Elon Musk is not using one of those tarps that cover coils of aluminum delivered to the Tesla stamping facility as his blanket. Nor is he resting his head on a pillow made from absorbent mats used to deal with factory spills. At least it is unlikely.
He told Oprah’s best friend, Gayle King, that he is sleeping in the Tesla factory.
Factories, even the most advanced, tend to be noisy places. So now he has stopped production. Which undoubtedly makes sleep easier.
Musk is snuggling up at the factory because he has taken direct control over production of the Model 3 sedan, which has missed a series of goals.

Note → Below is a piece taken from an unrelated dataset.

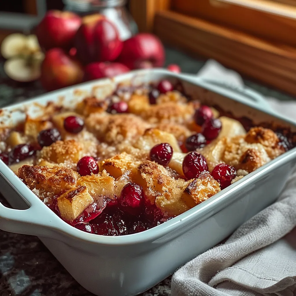 A warm, comforting dessert made with tender apples and tart cranberries, topped with a buttery crumble. Perfect for cozy nights or festive occasions.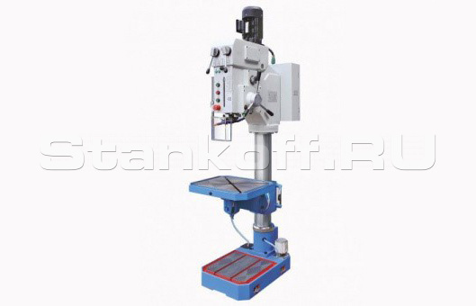 Возможна обработка деталей крупных габаритов благодаря откидному столу. Станок оснащен специальным узлом для контроля глубины сверления. Благодаря наличию механизма регулировки высота рабочего стола может изменяться. Имеется возможность поворота стола на необходимый угол вокруг цилиндрической колонны. Стол надежно фиксируется в требуемом положении. Электрооборудование станка встроено в колонну. Имеется система подачи охлаждающей жидкости с баком, встроенная в основание. Корпусные детали станка изготовлены из литого чугуна и сообщают конструкции высокую жесткость.

Musk was once all about increasing throughput in the Fremont factory through the implementation of industrial robots. After all, robots can swing their arms faster than Nolan Ryan could at his best, and they can do it all day. Robots don’t get hurt (another recent knock on Tesla claims that it is under-reporting workplace injuries). And robots don’t complain about having their boss overlooking their every little move.
Musk had previously wondered about the seemingly glacial velocity of all car plants, even the best of them. This is probably predicated on his visiting one of the factories in the Valley where computer boards are being populated with fingernail-sized chips. This happens at speeds that seem as though real life has been accelerated.
For those of us who have learned physics from the “Big Bang Theory,” we know that there are astrophysics, which deal with things that are really large, and quantum physics, which deal with the mind-bendingly small. Newtonian physics works just fine for those of us in the middle — things like inertia and acceleration.
Robots are like physics. That is, they can deal with the large — like lifting car bodies and moving them from one assembly line to another — and they can deal with the really small — like putting those processors on a board.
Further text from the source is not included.